US in ‘Worst of Both Worlds’ With High Inflation, GDP Slowdown

The US economy was slowing even before the brunt of any credit crunch stemming from the recent bank failures, while inflation accelerated, highlighting the enormous challenge faced by the Federal Reserve.

(Bloomberg) — The US economy was slowing even before the brunt of any credit crunch stemming from the recent bank failures, while inflation accelerated, highlighting the enormous challenge faced by the Federal Reserve.

Gross domestic product rose an annualized 1.1% in the first quarter, notably less than the median forecast for 1.9% in Bloomberg’s survey, Bureau of Economic Analysis data showed Thursday.

The slowdown was largely driven by an inventory drawdown, with an acceleration in consumer spending providing the main impetus for growth. Still, economists warned that momentum slowed as the quarter progressed, in a warning sign for the current quarter.

Frustratingly for the Fed, the central bank’s preferred core gauge of prices, which excludes food and energy, picked up to 4.9% in the January-through-March period, the quickest pace in a year. Meantime, a separate report underscored enduring strength in the labor market, with weekly jobless claims unexpectedly dropping.

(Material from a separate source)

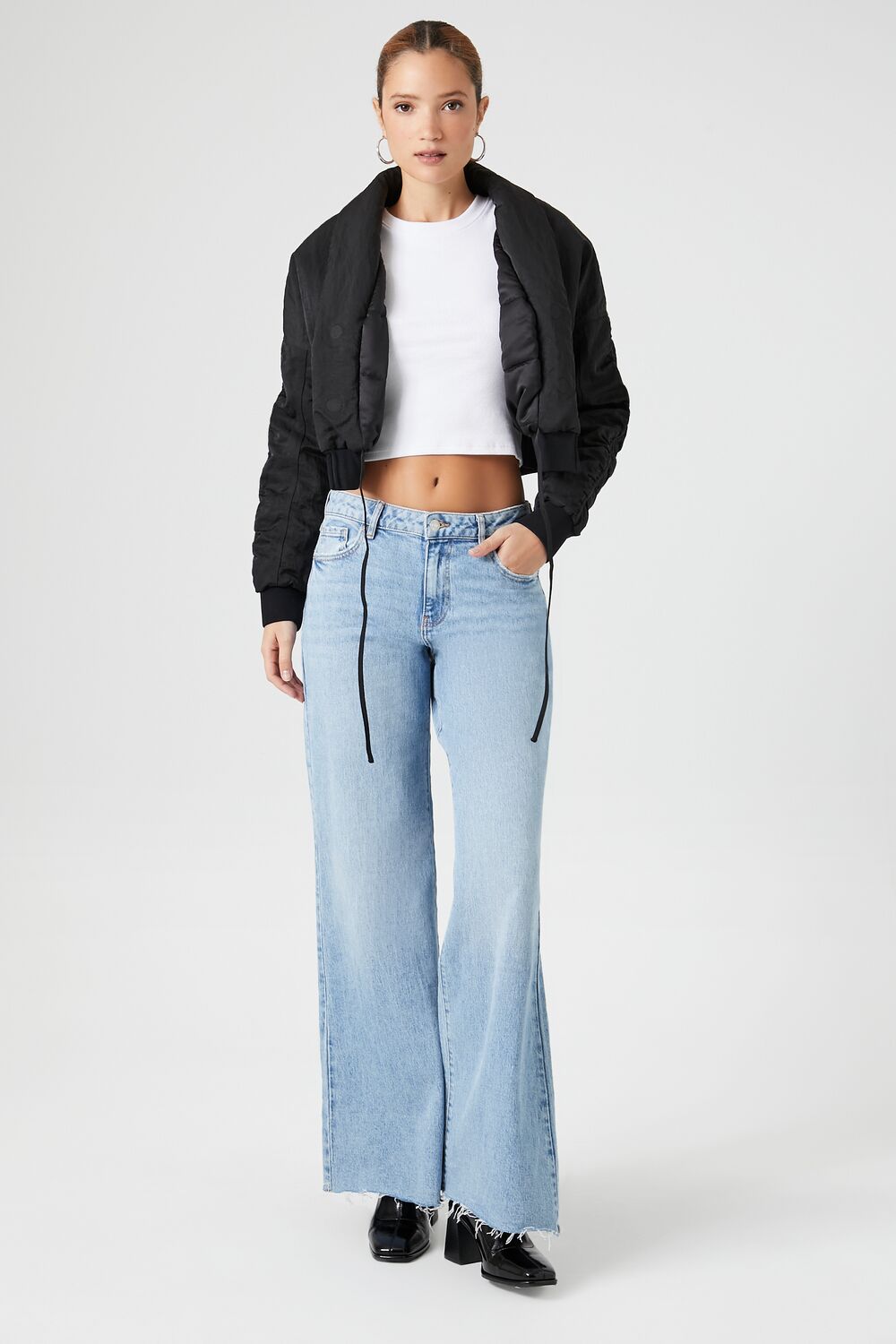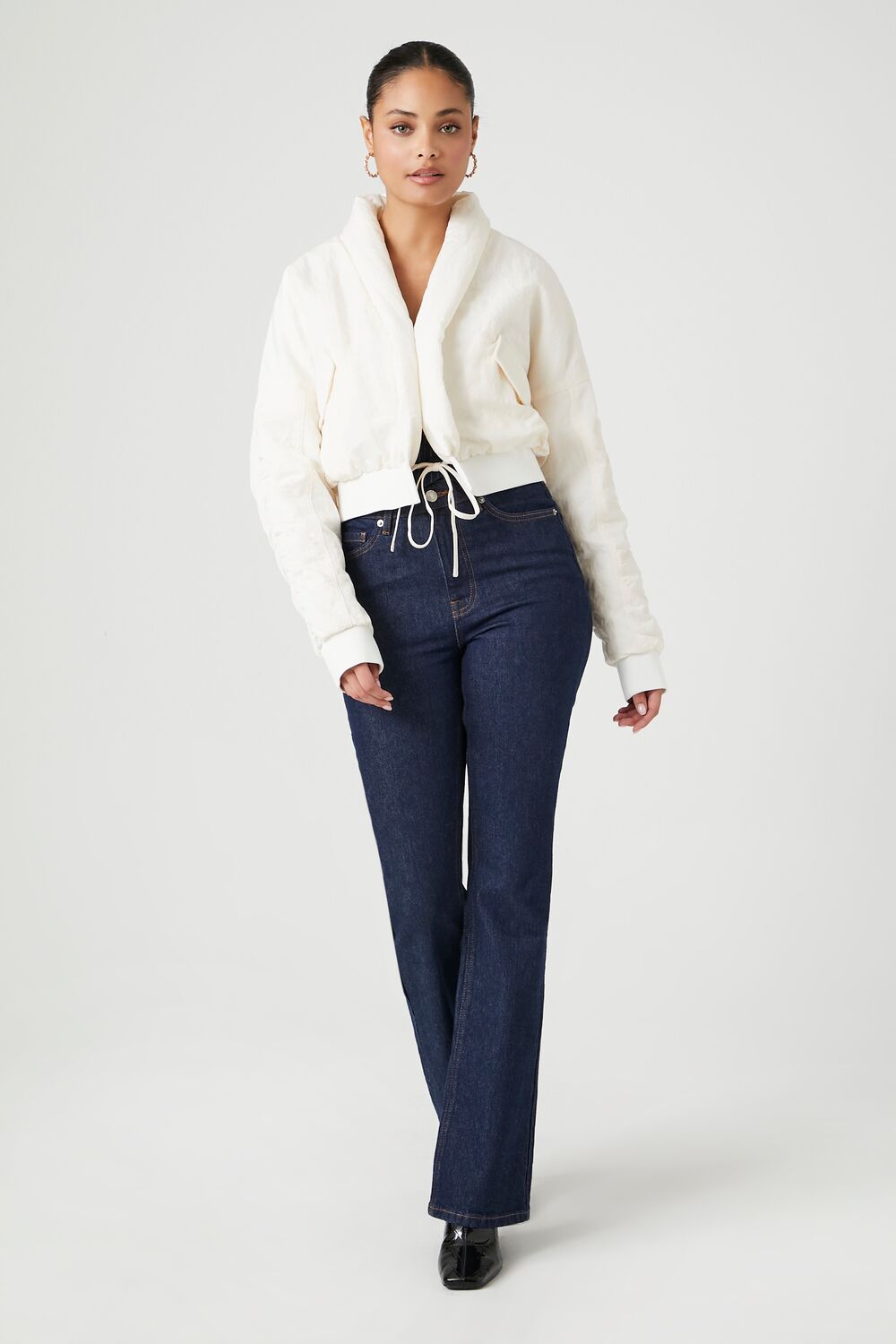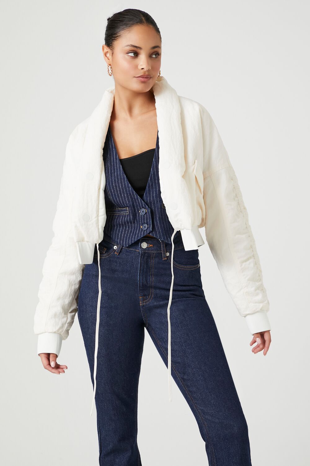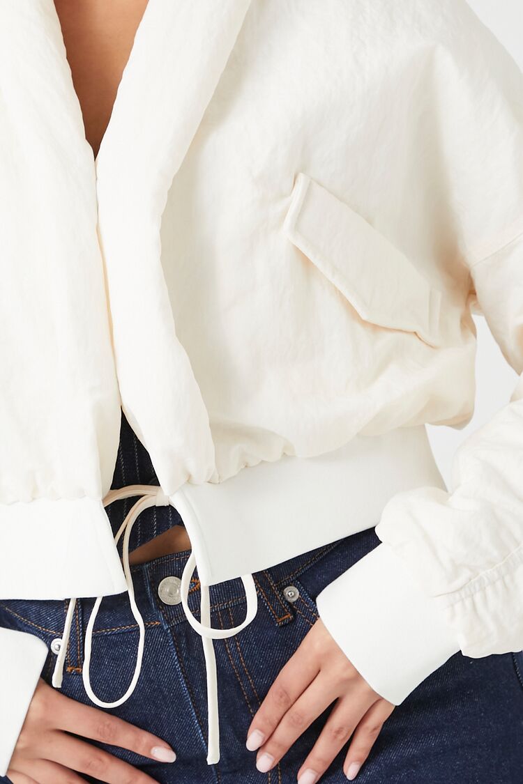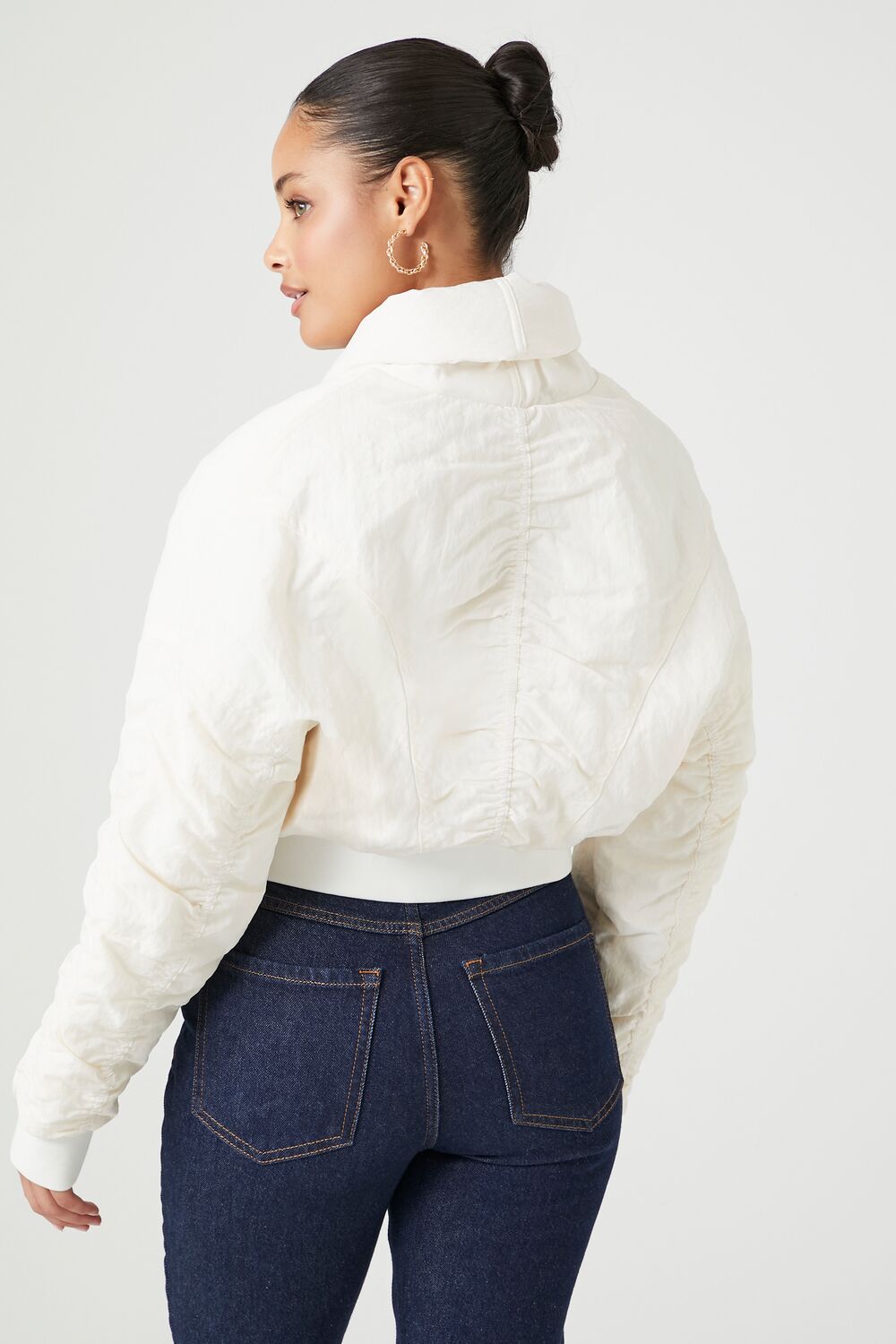 A woven puffer jacket featuring a shawl collar, front self-tie closure, slanted front flap pockets, dropped shoulders, ruched back and long sleeves, ribbed trim, and cropped hem.Content + Care

It all adds up to a strengthened case for Fed Chair Jerome Powell and his colleagues to raise rates another 25 basis points at the May 2-3 policy meeting. Two-year Treasury yields climbed on that bet Thursday morning. It also suggests a higher risk of a stagflationary environment, where the economy slumps while inflation sticks at a pace well above the Fed’s 2% target.

“This morning’s data was the worst of both worlds, with growth down and inflation up,” said Chris Zaccarelli, chief investment officer at Independent Advisor Alliance.

Data due Friday will offer a more detailed look at how consumer spending evolved during the quarter. Economists are penciling in a 0.1% drop in real personal outlays for a second month March after a 1.5% jump for January — when warm weather bolstered retail sales.

“Consumption was weak late in the quarter,” Morgan Stanley’s US economists, led by Ellen Zentner, said in a note. In addition to weather pulling spending forward, less federal support to lower-income households for food expenses also played a role in the tempering of purchases late in the quarter, they wrote.

Zentner and her colleagues said they “expect to see significant slowing into second-quarter 2023 as the cumulative effect of tighter monetary policy as well as banking pressures push growth into negative territory.”

Economists are forecasting GDP to grow at a stall-speed pace of 0.2% this quarter, a Bloomberg survey shows.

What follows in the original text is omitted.